Published on : 09 January 20203 min reading time

Don’t take candy from Oracles

How do you make a sequel to one of the most popular films of all time? Answer: You make it bigger, longer and part of a larger story that nobody knew about when the first film came out. The Matrix was all wrapped up in such a neat little bow that surely to try and carry on Neo’s story was madness…Or was it?

If ever there was a movie that divided audiences, it was The Matrix Reloaded. When the first trailers emerged in early 2003 appetites weren’t wetted – they were held under Niagara Falls. Neo versus 100 Smiths! Photo-realistic CG stunt-men! Zion! Morpheus attacking a car with a Samurai sword!
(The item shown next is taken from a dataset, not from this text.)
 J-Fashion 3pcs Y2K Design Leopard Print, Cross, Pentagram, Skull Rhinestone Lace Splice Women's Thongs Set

Fans swarmed to the cinema and 138 minutes later, they left feeling as if they really had been tossed around in Niagara Falls – and had loved every minute of it. But once the razzle dazzle of the freeway chase, the Burly Brawl and The Architect’s revelation that Neo was the 7th ‘One’ wore off, we looked back and wondered if The Matrix Reloaded was really ‘all that’. It was an astounding piece of action cinema – of that there was no doubt – but compared to the streamlined, original movie, it was always going to come off second best.

Playing fast and loose with time-lines, the Wachowskis choose to open with a series of random fight scenes with Trinity apparently running from an Agent and falling to her death. Is this a Neo nightmare or a warning of what’s really going to happen? Our heroes have arrived back in Zion, where Morpheus tries to convince the council that Neo can stop the machines digging down to exterminate them. Neo, however, isn’t quite so sure he’s up to the job.
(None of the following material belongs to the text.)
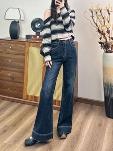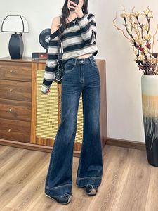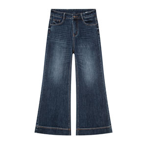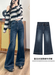佳伟复古水洗筒喇牛仔裤女蓝灰色喇叭形牛仔裤批发微弹25年初秋款
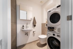De moderne badkamer beschikt over een inloopdouche, wastafelmeubel, toilet en een aansluiting voor de wasmachine/droger.

Agent Smith is back from the dead and stronger than ever. His brush with Neo at the end of the first film somehow cut him off from the mainframe and he’s now free to create an endless line of Smith clones with a view to taking over the Matrix. Meanwhile, Neo visits the Oracle, pausing for a random tussle with bodyguard Seraph on the way. The Oracle sends them to visit the Merovingian to get him to free the Keymaker; a man who can unlock doorways between worlds.

Being French, the Merovingian isn’t willing to be gracious so a huge fight erupts with Neo, Trinity and Morpheus trying to get the Keymaker to safety while Merv’s albino assassins try to kill them on a busy freeway. There are two main talking points about Reloaded: One is the freeway chase and the other is the Burly Brawl (Neo fighting hundreds of Smiths in the park).